→ **Required action**: All of the data that follows is to be written out exactly, with images excluded.

→ **Input data**:
* * *
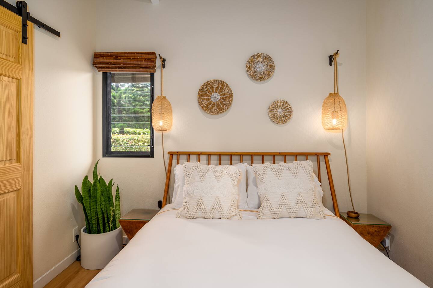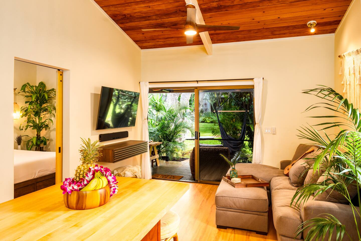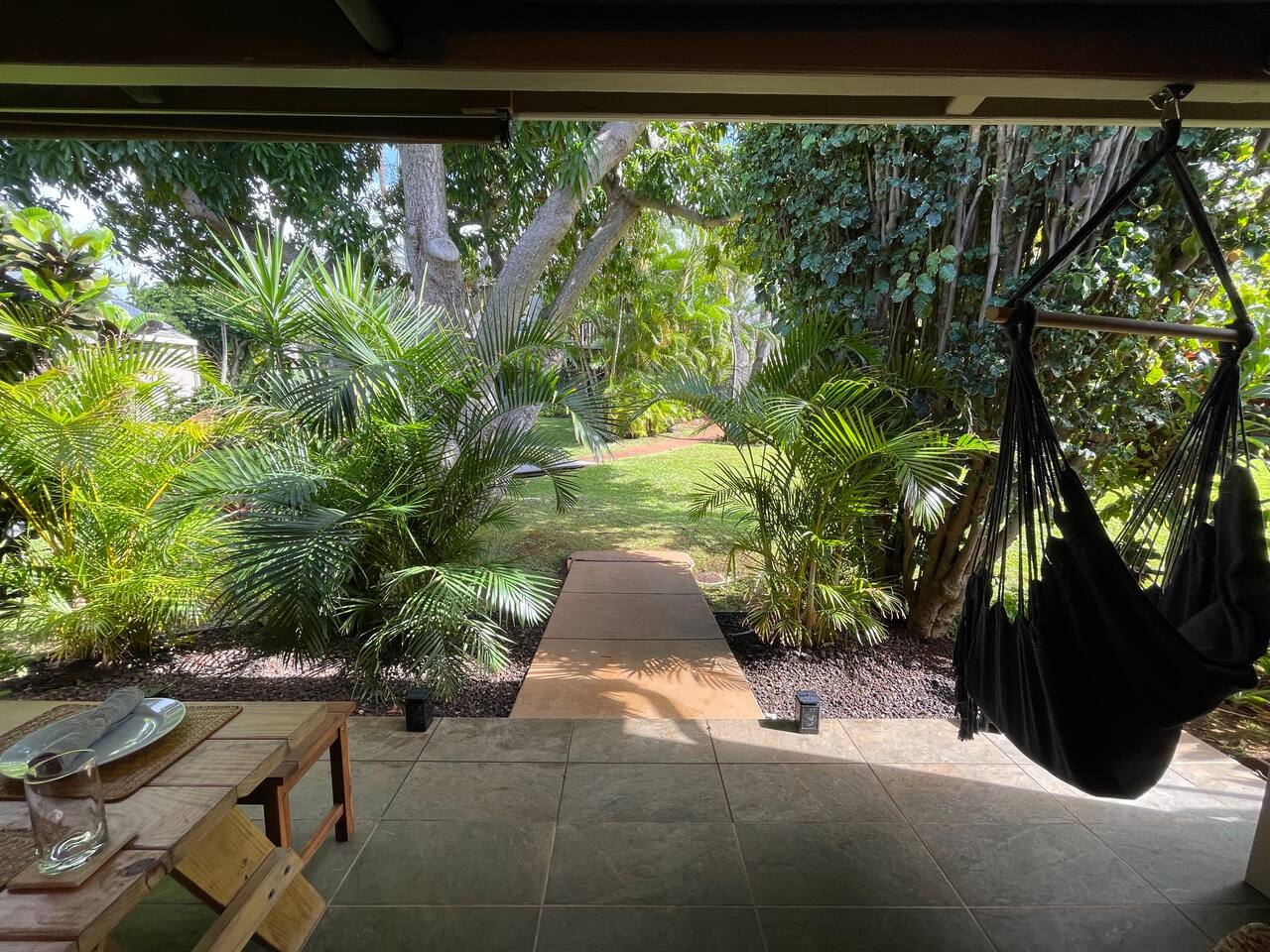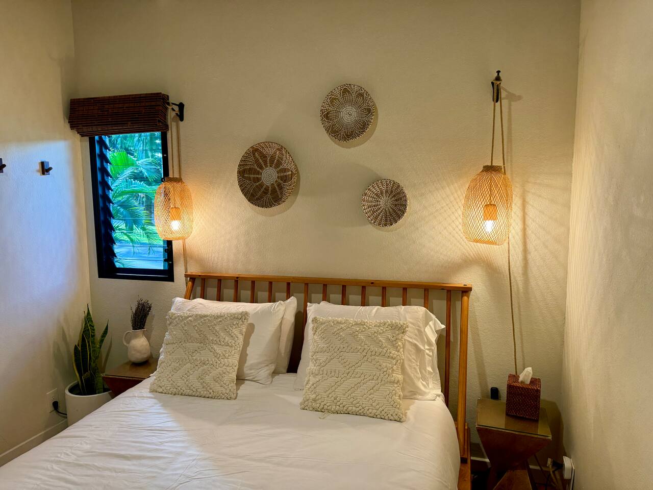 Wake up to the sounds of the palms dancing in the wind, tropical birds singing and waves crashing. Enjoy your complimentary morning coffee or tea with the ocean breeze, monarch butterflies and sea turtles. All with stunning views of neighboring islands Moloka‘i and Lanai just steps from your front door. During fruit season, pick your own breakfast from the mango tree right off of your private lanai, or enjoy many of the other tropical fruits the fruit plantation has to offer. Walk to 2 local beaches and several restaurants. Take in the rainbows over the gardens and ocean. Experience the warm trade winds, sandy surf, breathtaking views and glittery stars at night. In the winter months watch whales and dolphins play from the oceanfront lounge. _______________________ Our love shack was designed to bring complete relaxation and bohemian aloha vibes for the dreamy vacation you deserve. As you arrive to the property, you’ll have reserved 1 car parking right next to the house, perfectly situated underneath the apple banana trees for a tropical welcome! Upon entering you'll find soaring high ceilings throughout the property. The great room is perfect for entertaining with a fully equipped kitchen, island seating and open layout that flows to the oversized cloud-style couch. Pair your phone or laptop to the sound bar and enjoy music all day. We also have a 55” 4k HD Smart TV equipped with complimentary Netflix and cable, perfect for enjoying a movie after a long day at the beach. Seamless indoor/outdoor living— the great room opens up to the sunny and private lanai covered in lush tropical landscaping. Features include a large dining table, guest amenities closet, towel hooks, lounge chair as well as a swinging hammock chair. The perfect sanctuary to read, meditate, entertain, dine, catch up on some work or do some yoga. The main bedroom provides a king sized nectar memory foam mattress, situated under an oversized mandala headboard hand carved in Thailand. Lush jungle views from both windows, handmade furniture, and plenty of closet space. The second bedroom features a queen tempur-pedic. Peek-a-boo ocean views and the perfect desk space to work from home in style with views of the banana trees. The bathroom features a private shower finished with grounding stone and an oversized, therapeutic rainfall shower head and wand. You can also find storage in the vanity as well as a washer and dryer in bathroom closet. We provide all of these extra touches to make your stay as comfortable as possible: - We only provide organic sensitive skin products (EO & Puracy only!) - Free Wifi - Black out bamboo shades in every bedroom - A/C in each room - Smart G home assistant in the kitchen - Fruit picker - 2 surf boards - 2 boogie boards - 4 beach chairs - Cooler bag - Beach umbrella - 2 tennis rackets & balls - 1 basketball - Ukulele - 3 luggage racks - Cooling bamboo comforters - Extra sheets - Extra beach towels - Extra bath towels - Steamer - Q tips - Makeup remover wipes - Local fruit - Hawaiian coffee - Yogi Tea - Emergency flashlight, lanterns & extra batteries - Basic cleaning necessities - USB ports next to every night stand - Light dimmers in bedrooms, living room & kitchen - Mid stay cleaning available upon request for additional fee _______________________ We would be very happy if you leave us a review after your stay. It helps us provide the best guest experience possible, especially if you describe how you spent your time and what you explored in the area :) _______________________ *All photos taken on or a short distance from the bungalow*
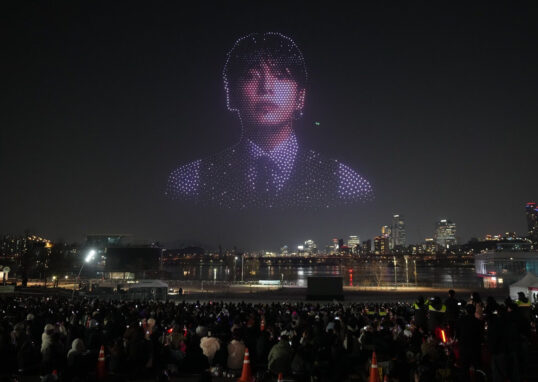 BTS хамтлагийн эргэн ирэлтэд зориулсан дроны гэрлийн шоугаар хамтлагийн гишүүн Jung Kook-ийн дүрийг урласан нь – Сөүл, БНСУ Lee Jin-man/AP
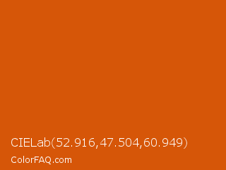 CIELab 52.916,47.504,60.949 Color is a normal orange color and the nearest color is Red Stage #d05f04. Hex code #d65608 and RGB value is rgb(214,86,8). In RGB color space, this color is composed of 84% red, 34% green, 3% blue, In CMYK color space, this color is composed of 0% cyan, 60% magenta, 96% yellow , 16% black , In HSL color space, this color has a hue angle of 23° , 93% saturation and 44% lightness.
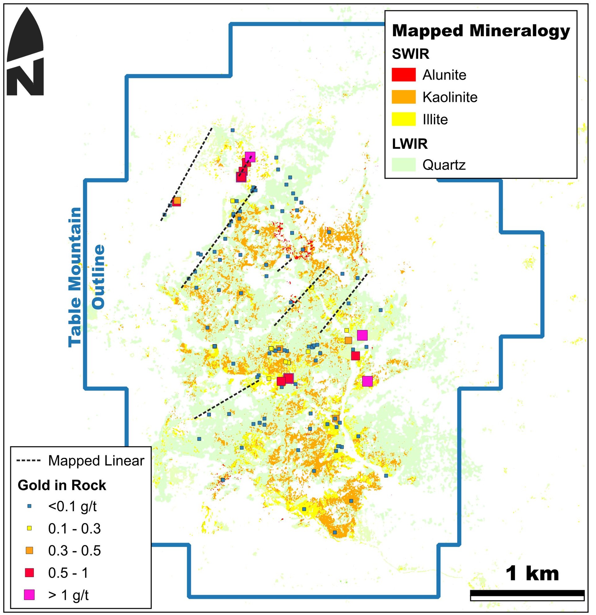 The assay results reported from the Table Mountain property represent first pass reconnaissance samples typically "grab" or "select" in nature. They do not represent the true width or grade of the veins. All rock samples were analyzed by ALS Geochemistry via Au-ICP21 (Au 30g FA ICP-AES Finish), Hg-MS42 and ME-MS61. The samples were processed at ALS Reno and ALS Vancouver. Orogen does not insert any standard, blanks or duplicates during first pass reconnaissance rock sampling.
* * *
→ **Expected output**:
 Wake up to the sounds of the palms dancing in the wind, tropical birds singing and waves crashing. Enjoy your complimentary morning coffee or tea with the ocean breeze, monarch butterflies and sea turtles. All with stunning views of neighboring islands Moloka‘i and Lanai just steps from your front door. During fruit season, pick your own breakfast from the mango tree right off of your private lanai, or enjoy many of the other tropical fruits the fruit plantation has to offer. Walk to 2 local beaches and several restaurants. Take in the rainbows over the gardens and ocean. Experience the warm trade winds, sandy surf, breathtaking views and glittery stars at night. In the winter months watch whales and dolphins play from the oceanfront lounge. _______________________ Our love shack was designed to bring complete relaxation and bohemian aloha vibes for the dreamy vacation you deserve. As you arrive to the property, you’ll have reserved 1 car parking right next to the house, perfectly situated underneath the apple banana trees for a tropical welcome! Upon entering you'll find soaring high ceilings throughout the property. The great room is perfect for entertaining with a fully equipped kitchen, island seating and open layout that flows to the oversized cloud-style couch. Pair your phone or laptop to the sound bar and enjoy music all day. We also have a 55” 4k HD Smart TV equipped with complimentary Netflix and cable, perfect for enjoying a movie after a long day at the beach. Seamless indoor/outdoor living— the great room opens up to the sunny and private lanai covered in lush tropical landscaping. Features include a large dining table, guest amenities closet, towel hooks, lounge chair as well as a swinging hammock chair. The perfect sanctuary to read, meditate, entertain, dine, catch up on some work or do some yoga. The main bedroom provides a king sized nectar memory foam mattress, situated under an oversized mandala headboard hand carved in Thailand. Lush jungle views from both windows, handmade furniture, and plenty of closet space. The second bedroom features a queen tempur-pedic. Peek-a-boo ocean views and the perfect desk space to work from home in style with views of the banana trees. The bathroom features a private shower finished with grounding stone and an oversized, therapeutic rainfall shower head and wand. You can also find storage in the vanity as well as a washer and dryer in bathroom closet. We provide all of these extra touches to make your stay as comfortable as possible: - We only provide organic sensitive skin products (EO & Puracy only!) - Free Wifi - Black out bamboo shades in every bedroom - A/C in each room - Smart G home assistant in the kitchen - Fruit picker - 2 surf boards - 2 boogie boards - 4 beach chairs - Cooler bag - Beach umbrella - 2 tennis rackets & balls - 1 basketball - Ukulele - 3 luggage racks - Cooling bamboo comforters - Extra sheets - Extra beach towels - Extra bath towels - Steamer - Q tips - Makeup remover wipes - Local fruit - Hawaiian coffee - Yogi Tea - Emergency flashlight, lanterns & extra batteries - Basic cleaning necessities - USB ports next to every night stand - Light dimmers in bedrooms, living room & kitchen - Mid stay cleaning available upon request for additional fee _______________________ We would be very happy if you leave us a review after your stay. It helps us provide the best guest experience possible, especially if you describe how you spent your time and what you explored in the area :) _______________________ *All photos taken on or a short distance from the bungalow*
 BTS хамтлагийн эргэн ирэлтэд зориулсан дроны гэрлийн шоугаар хамтлагийн гишүүн Jung Kook-ийн дүрийг урласан нь – Сөүл, БНСУ Lee Jin-man/AP
 CIELab 52.916,47.504,60.949 Color is a normal orange color and the nearest color is Red Stage #d05f04. Hex code #d65608 and RGB value is rgb(214,86,8). In RGB color space, this color is composed of 84% red, 34% green, 3% blue, In CMYK color space, this color is composed of 0% cyan, 60% magenta, 96% yellow , 16% black , In HSL color space, this color has a hue angle of 23° , 93% saturation and 44% lightness.
 The assay results reported from the Table Mountain property represent first pass reconnaissance samples typically "grab" or "select" in nature. They do not represent the true width or grade of the veins. All rock samples were analyzed by ALS Geochemistry via Au-ICP21 (Au 30g FA ICP-AES Finish), Hg-MS42 and ME-MS61. The samples were processed at ALS Reno and ALS Vancouver. Orogen does not insert any standard, blanks or duplicates during first pass reconnaissance rock sampling.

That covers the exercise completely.